Friday July 23 has Honky Tonk Angels - The Loretta Lynn Story - at the Encounter Bay Football Club. If you want to go to the show - it's purdy dang good - and need more info, chase Amber Joy Poulton on: http://www.myspace.com/amberpoulton. But I have it from the horse's mouth - not that horse over there on the right - that's a filly, ya fukker! Now, where was I....? horse's mouth... saddlebags... jodphurs... nightmare....? Right....HTA at Encounter Bay. Get a shift along, tickets are getting scarce as ducks' lips.

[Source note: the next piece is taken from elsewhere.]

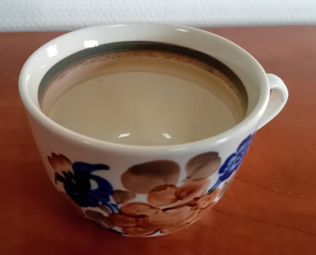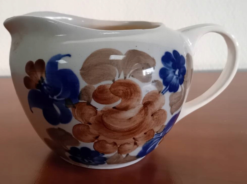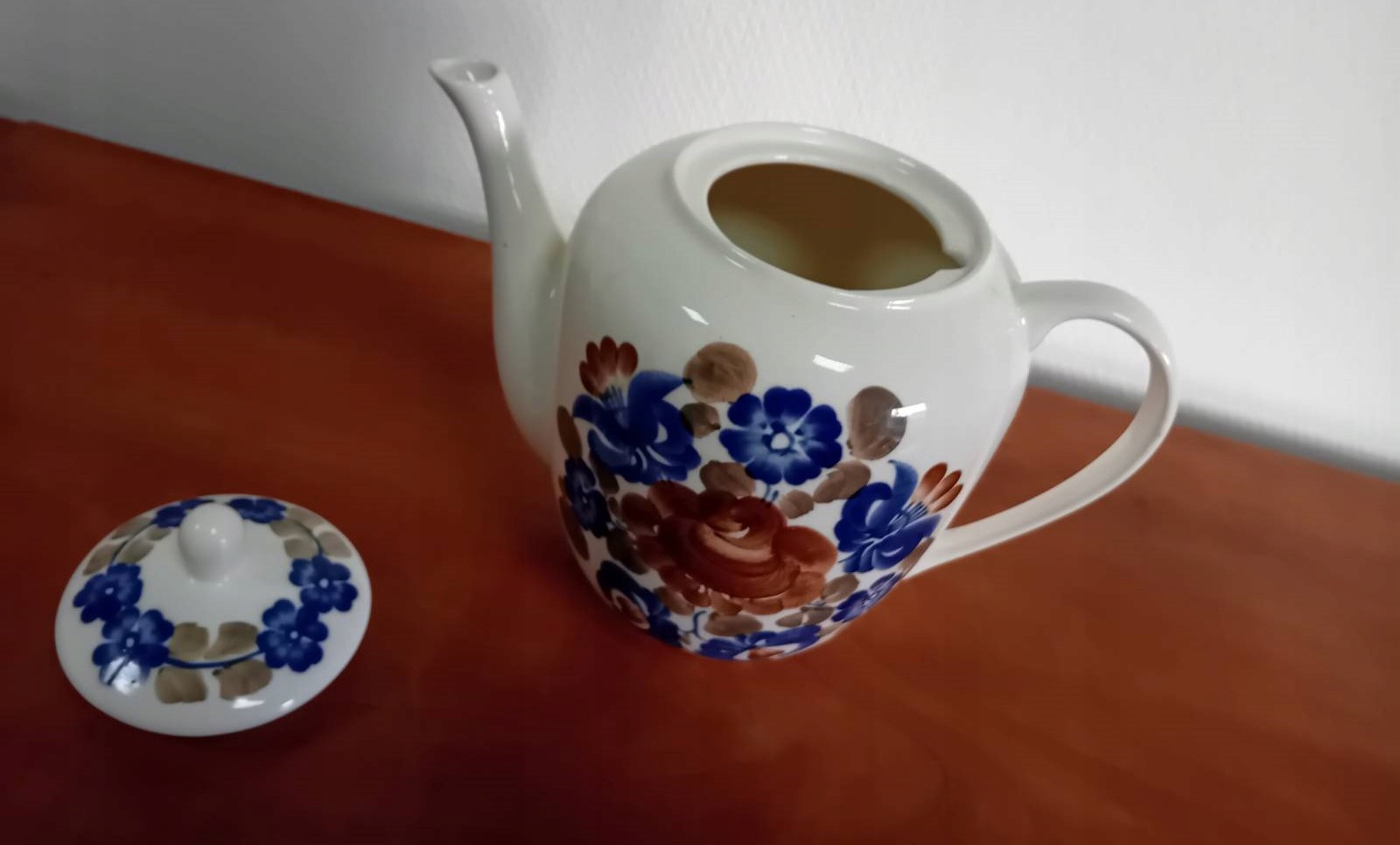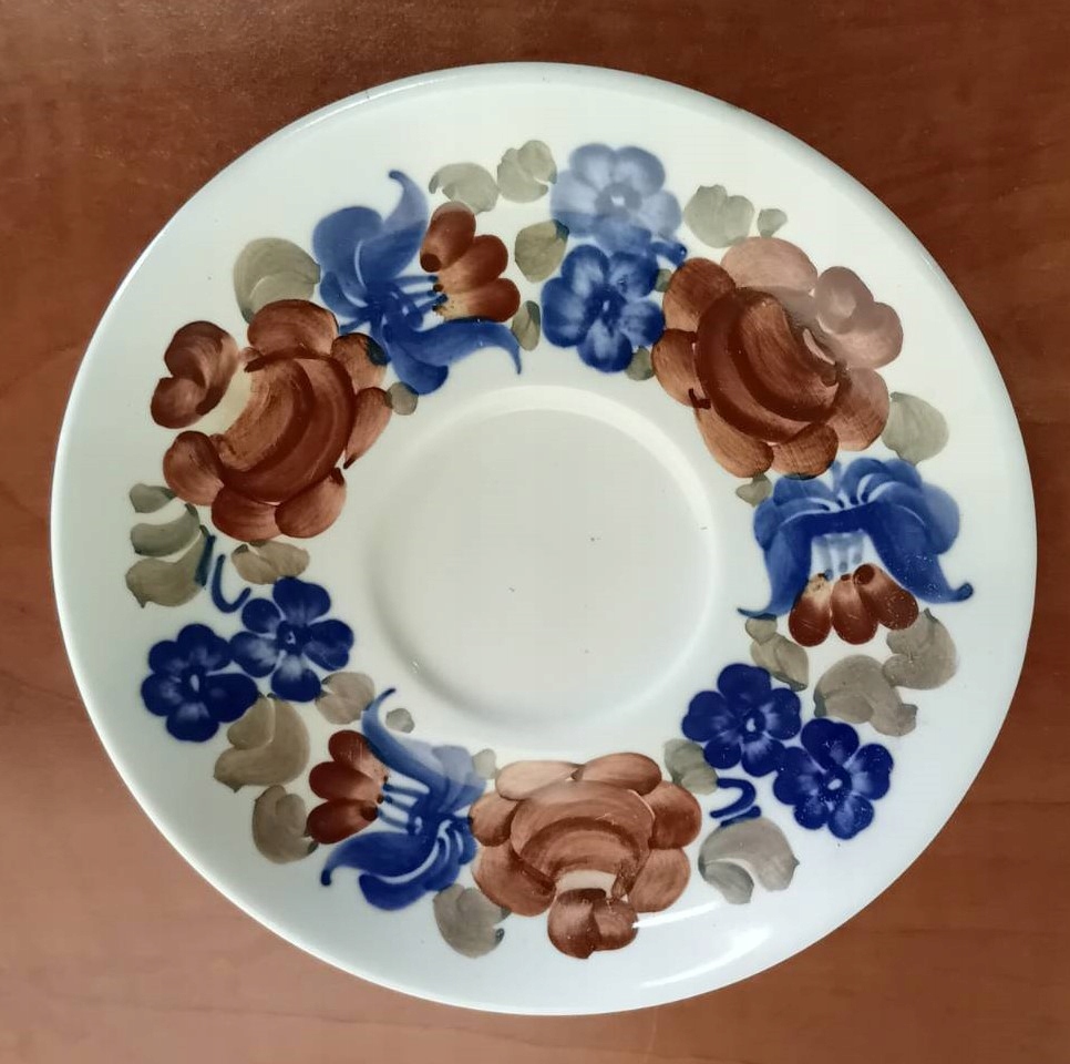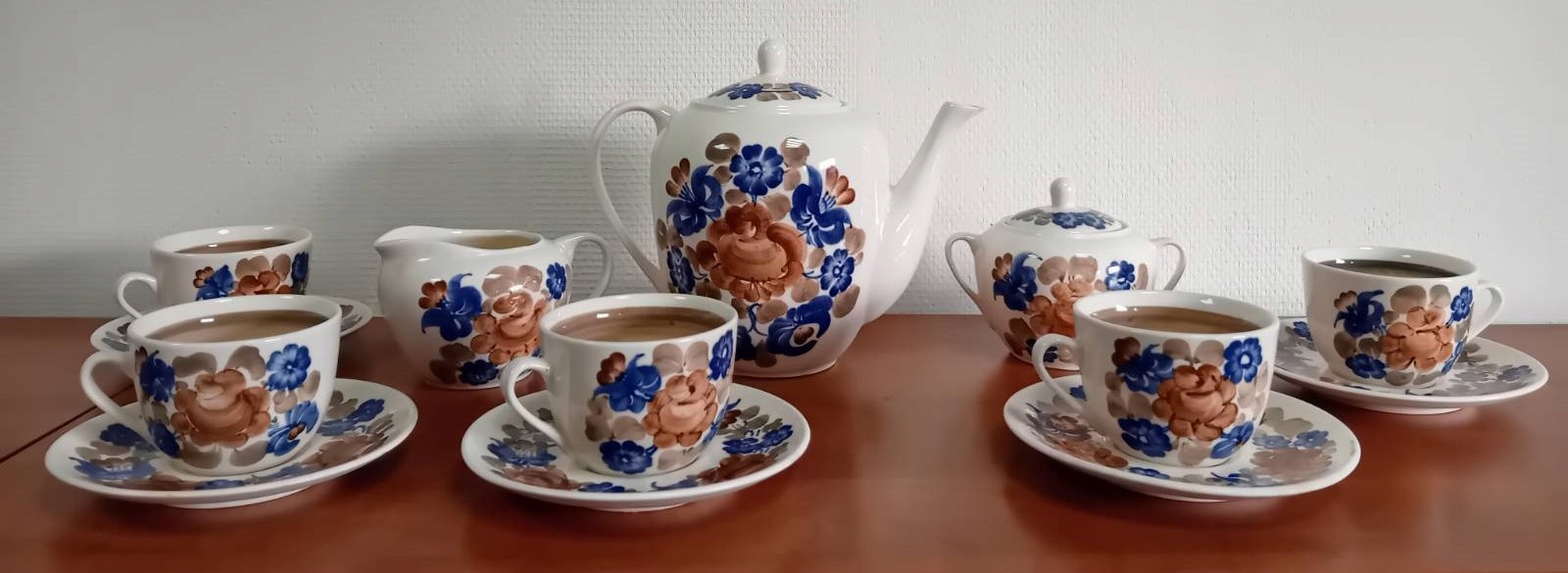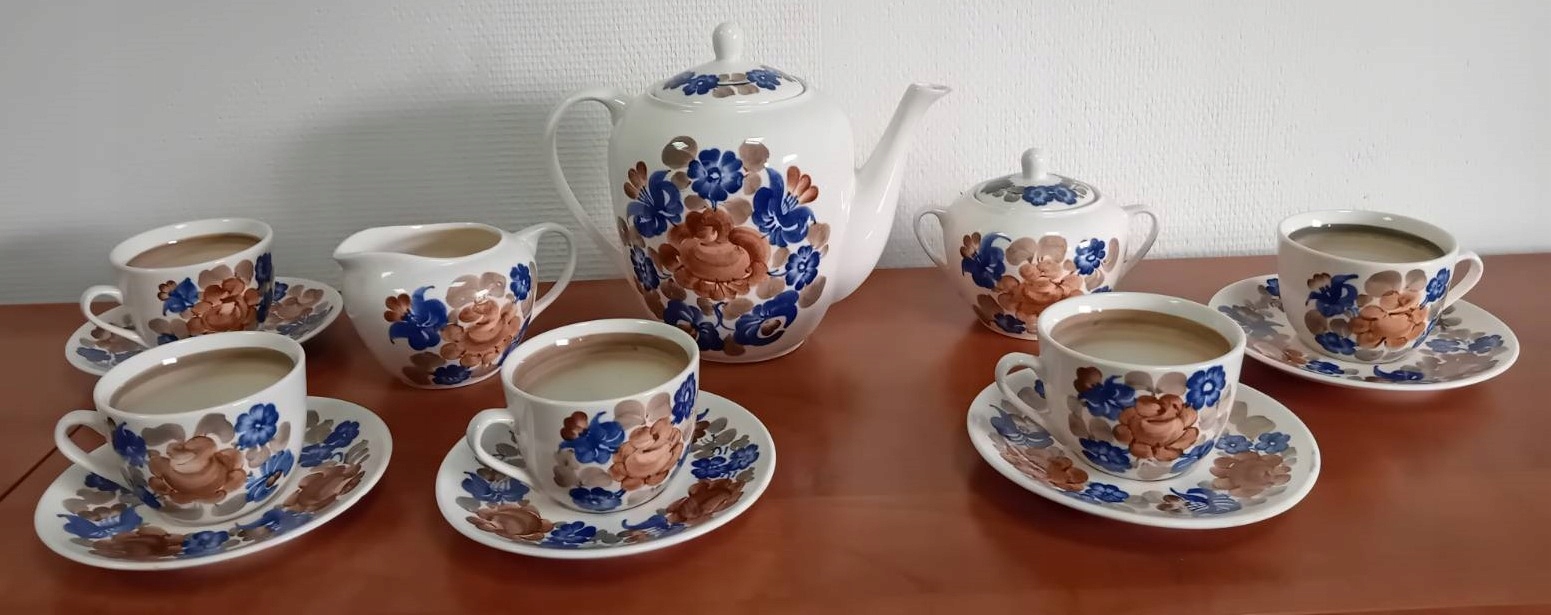 Глазурований фаянсовий кавовий сервіз прикрашений різнокольоровими квітами кобальтового синього, зеленого та коричневого кольорів

Friday night, July 23rd at the Wheatsheaf Hotel (George St, Thebarton ph. 8443 4546) - The Streamliners kick off at 9.30pm.
Saturday July 24 get ready to pan!c at the Daniel O'Connell Hotel in North Adelaide because it will be more fun than a double-dong vibrator set on "Fuk-me-ragged!" when that irrepressible trio of nutbags - pan!c - steps up to the microphone and say: "Testing, testing...is this thing on?" They will do that around 9 pm. See you there.
American Rockin' Blues legend John Earle Walker will be appearing at...
* the Semaphore RSL Friday July 23; * the Rex Hotel July Saturday 24 and... * the Wine Underground on Sunday July 25.
Also on Sunday, July 25, the Rusty Boys will be at the Whitmore Hotel, kicking off at 1 pm., and The Slowpokes will be appearing at The Whitmore on Friday Night, July 30.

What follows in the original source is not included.